### Source material
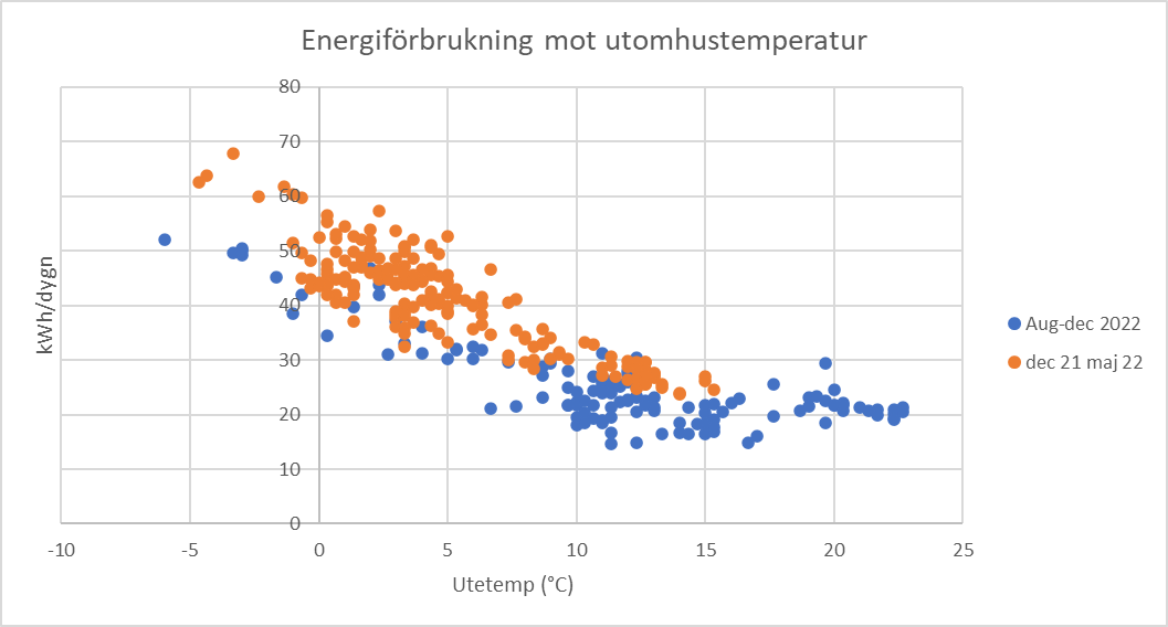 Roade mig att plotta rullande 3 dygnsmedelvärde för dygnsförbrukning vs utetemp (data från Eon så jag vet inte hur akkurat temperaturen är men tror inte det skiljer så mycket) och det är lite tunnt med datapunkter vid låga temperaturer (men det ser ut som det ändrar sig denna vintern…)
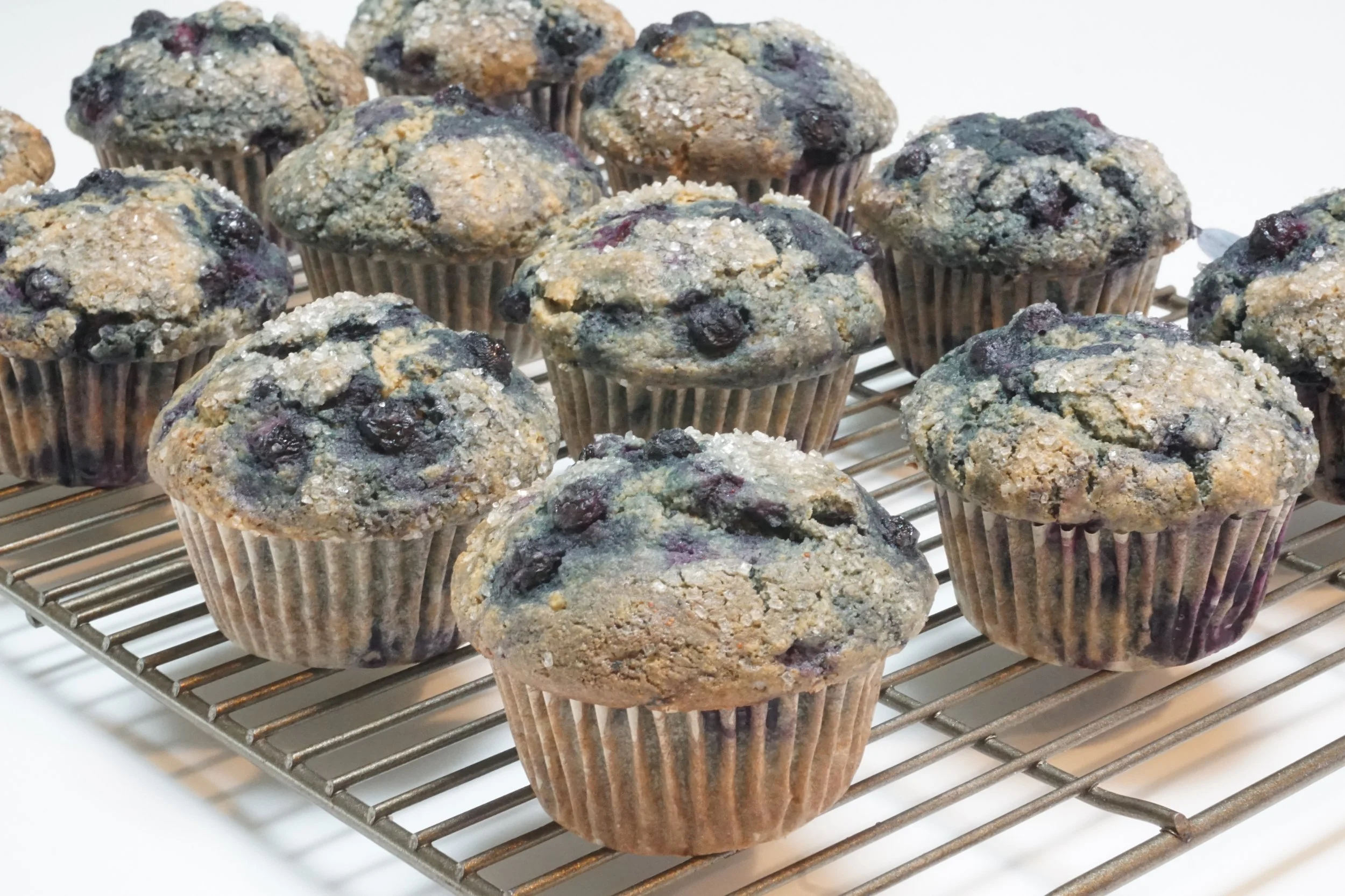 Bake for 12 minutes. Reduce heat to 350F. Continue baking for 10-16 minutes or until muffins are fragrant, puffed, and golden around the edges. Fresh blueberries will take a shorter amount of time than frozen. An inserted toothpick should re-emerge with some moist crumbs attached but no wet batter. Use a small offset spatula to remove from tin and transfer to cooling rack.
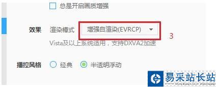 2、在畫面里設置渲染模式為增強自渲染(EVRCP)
==
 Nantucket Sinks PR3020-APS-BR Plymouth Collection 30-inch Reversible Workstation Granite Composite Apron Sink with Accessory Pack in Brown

### Work to be completed
Copy needed, without pictures: the lines of the listing above from the line containing "Roade mig att" up to and including the line containing "2、在畫面里設置渲染模式為增強自渲染(EVRCP)", set down exactly.

### Result for this exercise
 Roade mig att plotta rullande 3 dygnsmedelvärde för dygnsförbrukning vs utetemp (data från Eon så jag vet inte hur akkurat temperaturen är men tror inte det skiljer så mycket) och det är lite tunnt med datapunkter vid låga temperaturer (men det ser ut som det ändrar sig denna vintern…)
 Bake for 12 minutes. Reduce heat to 350F. Continue baking for 10-16 minutes or until muffins are fragrant, puffed, and golden around the edges. Fresh blueberries will take a shorter amount of time than frozen. An inserted toothpick should re-emerge with some moist crumbs attached but no wet batter. Use a small offset spatula to remove from tin and transfer to cooling rack.
 2、在畫面里設置渲染模式為增強自渲染(EVRCP)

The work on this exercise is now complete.